Can anyone find out if I did it right or not? Thanks

A 0.682?g sample of ICl(g) is placed in a 625?mL reaction vessel at 682 K. When equilibrium is reached between the ICl(g) and I2(g) and Cl2(g) formed by its dissociation, 0.0383 g I2(g)is present.

What is Kc for this reaction?
0.682g / 162.35g/mol = 4.2x10^-3mol

4.2x10^-3mol / 0.625L = 6.72x10^-3 M

2ICl(g) <=> I2(g) + Cl(g)
I 6.72x10^-3 0 0
C -2x +x +x
E 6.72x10^-3-2x x x

I2 (0.0383g/253.8g/mol ) / 0.625L = 2.41x10^-4M

Kc = [I2(g)][Cl2(g)] / [ICl(g)]^2

Kc = (x)^2 / (6.72x10^-3-2x)^2

Kc = (2.41x10^-4)^2 / 6.72x10^-3-2(2.41x10^-4))^2

Kc = 8.64x10^-6

You are right on with everything, BUT the last line; the answer for Kc is not right. I also noticed a typo in the equation but that doesn't affect the work you did.

Kc = 0.00149

but the answer from the book is Kc = 9.31x10^-6

You are right and the book is wrong.

I played around with the numbers and this what I found.

If you don't subtract the 2x from the 6.72E-3 in the denominator AND you don't square the denominator, you gt 8.64E-6.

If you subtract the 2x from 6.72E-3 in the denominator but you don't square the denominator, you get 9.31E-6.

If you do it right you get 1.49E-3

Your Kc expression with numbers substituted is correct.
Kc = (2.41x10^-4)^2 / 6.72x10^-3-2(2.41x10^-4))^2
You just did my first example above to get the 8.64 number. The book answer comes from the second example above to get the 9.31 number.

Thanks a lot DrBob222

To determine if you did the calculation correctly, we can go through the steps:

1. You correctly calculated the number of moles of ICl(g) using the given mass and molar mass: 0.682 g / 162.35 g/mol = 4.2x10^-3 mol.

2. Then, you divided the number of moles by the volume in liters to obtain the concentration in molarity: 4.2x10^-3 mol / 0.625 L = 6.72x10^-3 M. This step is correct.
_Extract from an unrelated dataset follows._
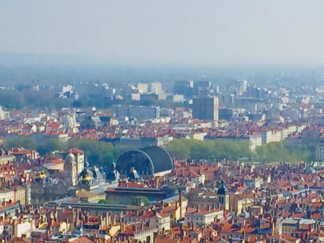 Im Deutsch-Französischen Krieg 1870/71 legten die Bürger von Lyon das Gelübde ab, das Heiligtum von Fourvière zu vergrößern und zu verschönern, falls ihre Stadt von preußischer Besatzung verschont bliebe. Der Wunsch ging in Erfüllung, und schon 1872 wurde der Grundstein für die viertürmige neue Kirche nördlich neben der alten Marienkapelle gelegt. 1896 wurde sie geweiht. Seit 1897 ist sie eine Basilica minor (kleine Wallfahrtskirche). Die Wände und hohen Decken des Innenraums sind reich bemalt und mit vielen Mosaiken und Gold verziert. Besonders schön leuchten die Buntglasfenster mit den biblischen Motiven, wenn die Sonnenstrahlen auf sie treffen. Von der Aussichtsplattform direkt neben der Basilika hat man einen grandiosen Panoramablick hinab auf Lyon und den Zusammenfluss von Rhône und Saône – wenn das Wetter gut ist. Leider ist es an diesem Tag sehr diesig, die Sicht sehr eingeschränkt. Vor der Aussichtsplattform lassen wir an einem Modell der Altstadt noch einmal unsere Tour Revue passieren. Hier macht uns die Stadtführerin auf eine Ausgrabungsstätte von 1935 aufmerksam, die nur einen kleinen Fußweg entfernt von der Basilika liegt. Das kleine und das größere antike römische Amphitheater hoch oben auf dem Berg Fourvière wurden zwischen dem 1. und Mitte des 2. Jahrhundert nach Christus erbaut. Die Anlage zählt zu den drei ältesten außerhalb des heutigen Italien. Im Sommer finden hier Konzerte und Theateraufführungen statt.

3. You set up the reaction: 2ICl(g) ⇌ I2(g) + Cl2(g).

4. By using the initial concentration of ICl(g) and assuming the changes in concentration to be "-2x" for ICl(g) and "+x" for both I2(g) and Cl2(g), you correctly set up the expression for the equilibrium concentrations: 6.72x10^-3 - 2x, x, x.

5. Using the given mass of I2(g) and its molar mass, you calculated its concentration: 0.0383 g / 253.8 g/mol / 0.625 L = 2.41x10^-4 M. This step is correct.
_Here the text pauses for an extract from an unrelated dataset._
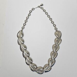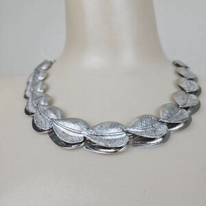 Vintage Choker Necklace Silver Tone Metal Leaf Leaves Link Smooth Textured

6. Finally, you used the equilibrium concentrations to calculate Kc: Kc = [I2(g)][Cl2(g)] / [ICl(g)]^2 = (x)^2 / (6.72x10^-3 - 2x)^2. Using the value of x obtained from the concentration of I2(g), you correctly calculated Kc.

Therefore, based on the given information and your calculations, the value of Kc for this reaction is indeed 8.64x10^-6. Well done!